Google has launched GEMMA 3n, Multimodal Open Source AI model that runs on just 2GB of RAM without internet
Google has launched the GEMMA 3n, a powerful AI model that can run directly without internet access, supports advanced multimodal tasks using only 2GB of memory.
Listen to the story

In short
- Gemma 3n supports text, audio, image and video input
- Runs offline on phone with 2 GB memory
- Real -time AI features to edge equipment like Pixel phones.
Google has announced a full launch of its latest on-device AI model, Jemma 3N, which was first declared in May 2025. The AI ​​model brings advanced multimodal abilities with limited memory and without internet connection, including audio, image, video and lesson processing. With this release, developers can now deploy AI features, which require powerful cloud infrastructure, directly on phones and low-power devices.
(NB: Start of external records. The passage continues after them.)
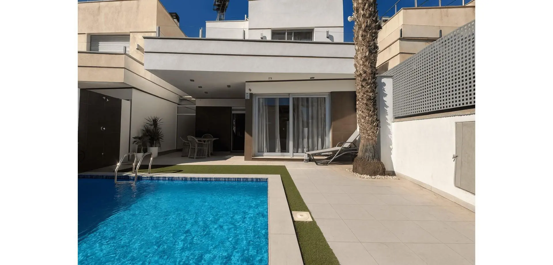 Discover this beautifully maintained detached villa located in the sought-after area of Lomas de Cabo Roig / Los Dolses, Orihuela Costa. Built in 2016, this modern home offers 125 m2 of space across three floors, set on a 230 m2 plot.
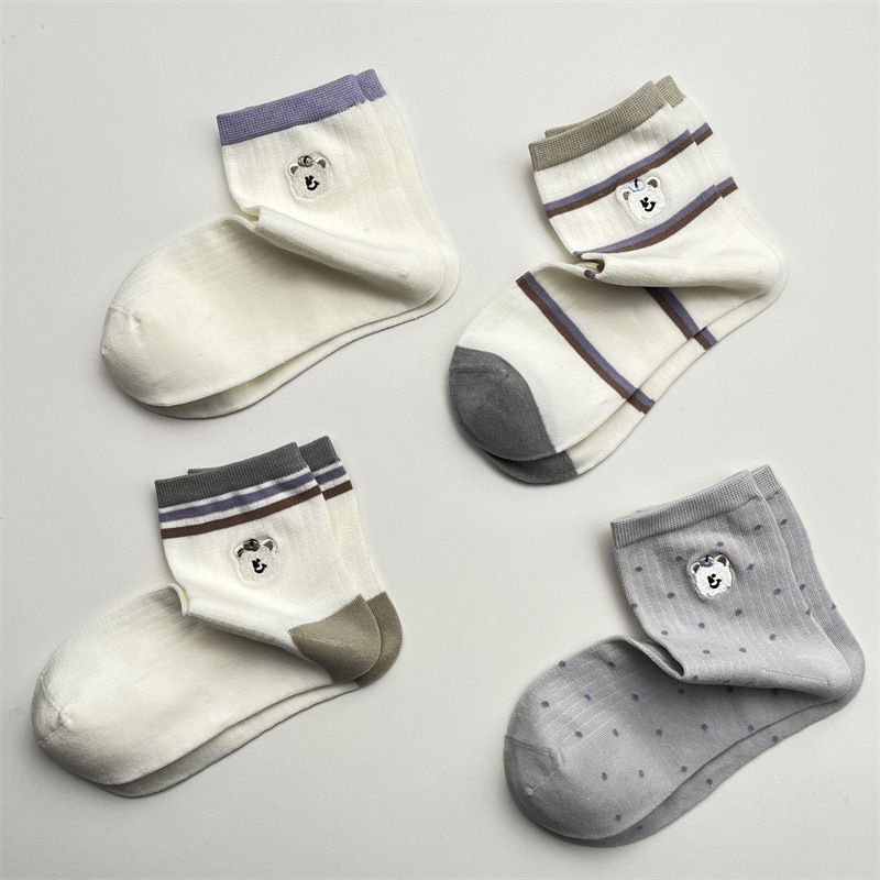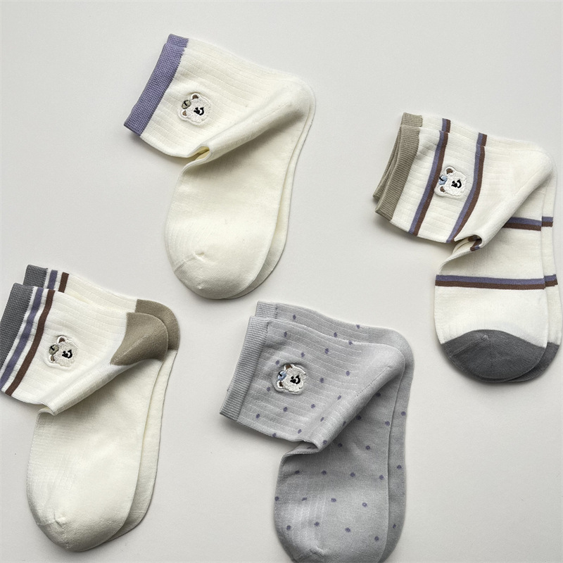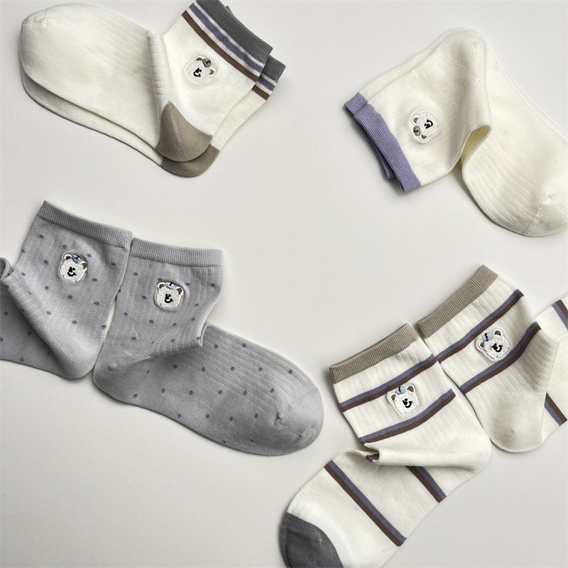 봄과 여름 새로운 귀여운 만화 모자 곰 자수 양말 여성 캐주얼 올 매치 스트라이프 도트 본없는 미드 바디 양말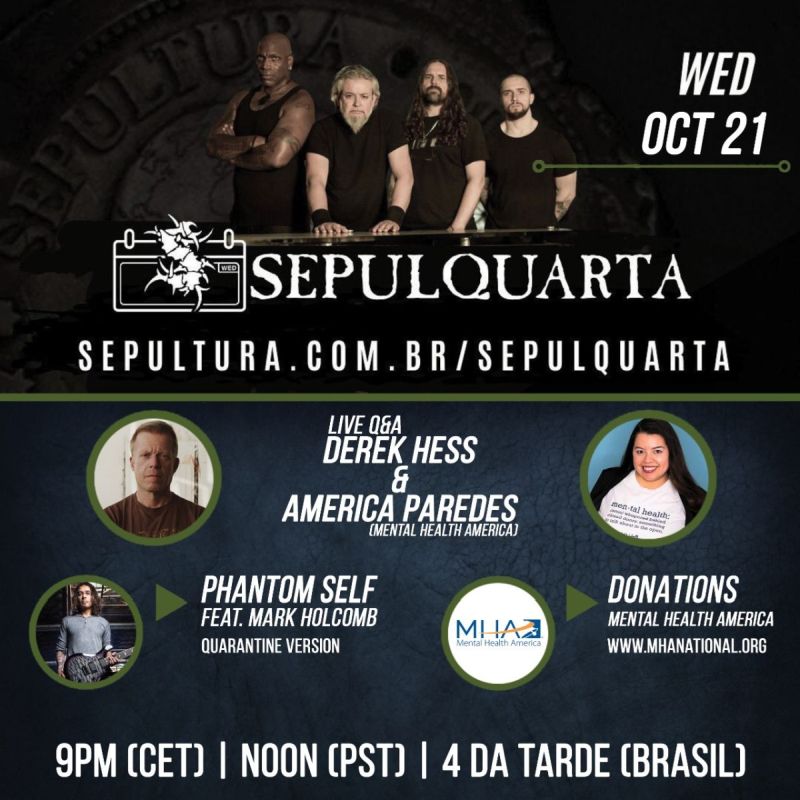 Dedicating this week’s ‘Sepulquarta’ session to Mental Health awareness, SEPULTURA welcomes the famous artist Derek Hess alongside America Paredes from Mental Health America for a chat. Derek Hess made his mark by creating an own unique style of work making strong connections in the music world whereas Mental Health America is the United States’ leading community-based nonprofit dedicated to addressing the needs of those living with mental illness and promoting the overall mental health of all. In a Q&A, they will explore the critical questions about mental illness that exists in the music industry and how it ties into even broader issues such as depression, anxiety, and sucide.Derrick Green comments: “Many may easily dismiss the idea of depression and anxiety with the idea that everyone feels sad, moody or low at times. However, depression and anxiety can develop into serious illnesses which impact upon both the physical and mental health of an individual and those around them.”
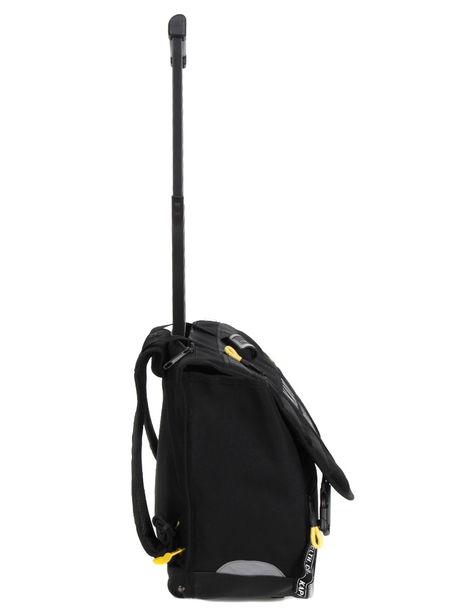 Le cartable trolley Kaporal Basic est muni de deux compartiments pour faciliter l’organisation des divers livres et les retrouver en un clin d’œil pendant la classe. Pour faciliter la préparation des affaires pour le lendemain, un porte emploi du temps est présent sur la face interne du rabat. En-dessous, un passant pour règle permet d’éviter qu’elle n’aille se cacher dans un classeur. Une poche à fermeture à glissière inversée située sous le rabat permet de garder des petits accessoires à l’abri de l’humidité. Au-dessus, un porte-étiquette permet de le restituer facilement à son propriétaire en cas de perte. Pour garder la carte de cantine en accès rapide, il possède également une poche frontale.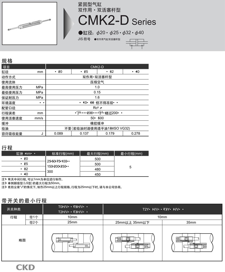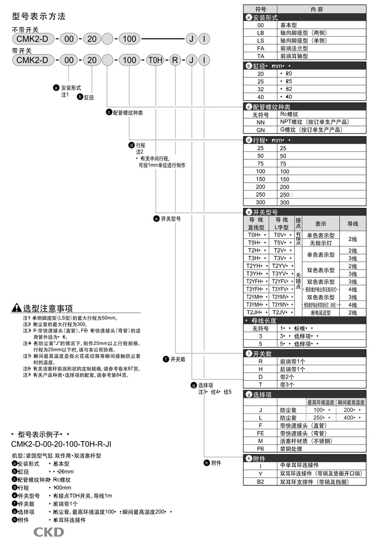 CMK2-D-00,CMK2-D-LB,CMK2-D-LS,CMK2-D-FA,CMK2-D-TA,CMK2-D-TA-20-300,CKD緊固型氣缸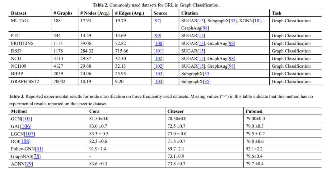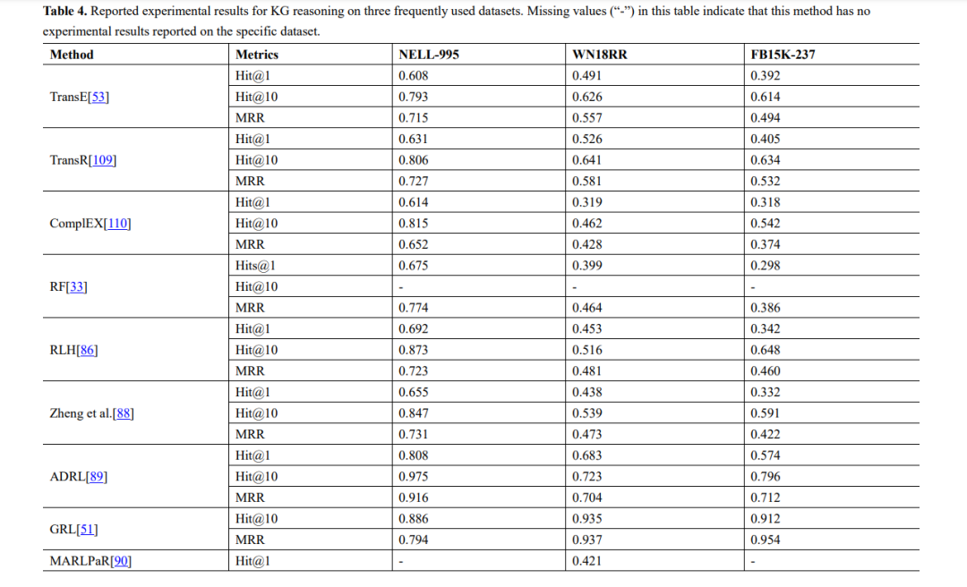 我们提供了在本综述中引用的这些研究中使用的实验数据集的总结,以及数据集、来源、任务和使用这些数据集的方法的统计信息列表,如表1和表2所示。此外,我们总结了Cora、Citeseer和Pubmed上的节点分类实验结果,以及NELL995、WN18RR和FB15K-237上的知识图推理结果,其中,分类精度是节点分类任务的评价指标,Hit@1、Hit@10、和MRR为知识图推理的评价指标,如表3和表4所示。

Jemma 3N has a new architecture in the heart called Matformer, which is small for a matrious transformer. Google explains that like dolls victim dolls, models include small, completely functional sub-models inside older people. This design makes it easier to score performance based on hardware available for developers. For example, Gemma 3n is available in two versions: E2B, which operates less in the form of 2GB memory, and E4B, which requires approximately 3GBs.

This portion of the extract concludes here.